# Does msi h61m-p20(g3) need a bios update to run ivy bridge?



## Confused_user (Nov 24, 2012)

Title says all.


----------



## topgear (Nov 26, 2012)

do you have a old mobo and cpu ( SB ) - all of the H61 released before the release of IB cpus needs a bios update for the IB cpus to function properly though most of the newer H61 mobo comes with latest bios version and supports IB cpus out of the box.


----------



## Confused_user (Nov 26, 2012)

Some dude from youtube said it runs ivy outta the box.
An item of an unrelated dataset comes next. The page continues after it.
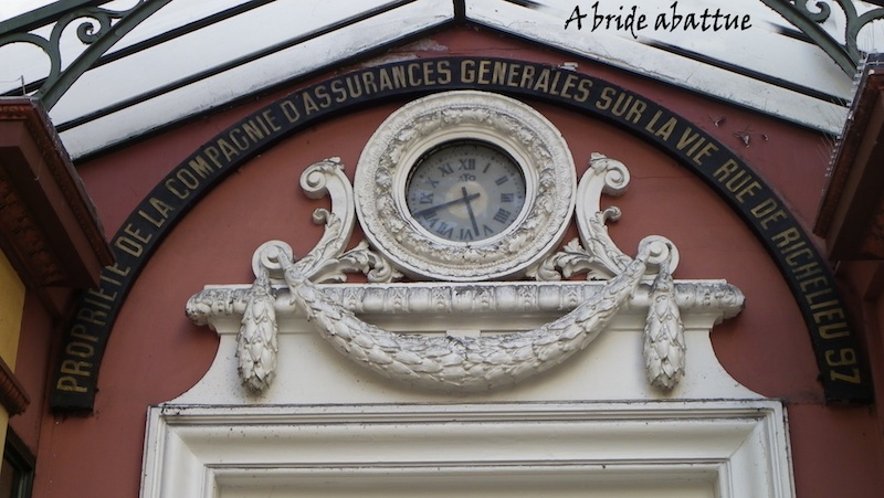 Les horloges témoignent de la proximité des relais des diligences. Il était crucial d'y lire l'heure.Nous verrons d'autres horloges dans chaque passage. Au bout de celui-ci nous voici de nouveau sur le boulevard, histoire de pointer l'immeuble qui projette ses balcons sur le carrefour, et où il était de bon ton de se montrer. La toiture est en forme de pignon de pin nous dit notre guide, d'où l'expression "avoir pignon sur rue".

So, should I get this motherboard+processor for gaming? Or is there something better under 10k?


----------



## mandarpalshikar (Nov 26, 2012)

Which processor are you speaking abt ? The cheapest ivy-bridge is around 7k !! If you need low-end gaming then don't go for ivy-bridge. Get a low-end or med-end gfx card to pair with mobo+cpu.
Something like this -

Component	Name	                                                Price
CPU	                Intel Pentium G630	                                3500
Motherboard	Gigabyte GA-H61M-D2H	                        3200
Graphics Card	SAPPHIRE GRAPHICS CARD 6670 1GB DDR5	5000


or

Component	     Name	                              Price
CPU	                     Core i3 2120	                      7000
Motherboard	     Gigabyte GA-B75M-D3H	      4200
Graphics Card	     MSI R7770 1GB DDR5	      8500


Would be gr8 if you could answer questions from below thread

*www.thinkdigit.com/forum/pc-compon...answer-these-questions-first.html#post1542847


----------



## Confused_user (Nov 28, 2012)

I was thinking about i3 3220+this motherboard+gtx 650ti


----------



## mandarpalshikar (Nov 29, 2012)

Get a H75 chipset mobo like GA-B75M-D3H and go with i3 3220 then. Compared to msi mobo you'll get some additional features for 1k more like USB 3.0 ports, 2 pcie slots, 4 dimm slots, etc in gigabyte mobo. For GFX, 650ti is also good choice at around 7k price point. Check out both versions of it i.e. 1GB & 2GB models.


----------



## topgear (Nov 30, 2012)

GTX 650 Ti is not available for ~7k - GTX 650 costs like this but HD7770 is a better option @ 8.2k - GTX 650 Ti Costs 10.2k from Zotac and is a very good VFM card at this price range.


----------



## mandarpalshikar (Nov 30, 2012)

@topgear - True... 650 Ti would be VFM at 10.2K.... 650 is available for 8k at MDcomputers... though it would be available for less while bargaining


----------



## topgear (Dec 1, 2012)

you must have a very good bargaining skill


----------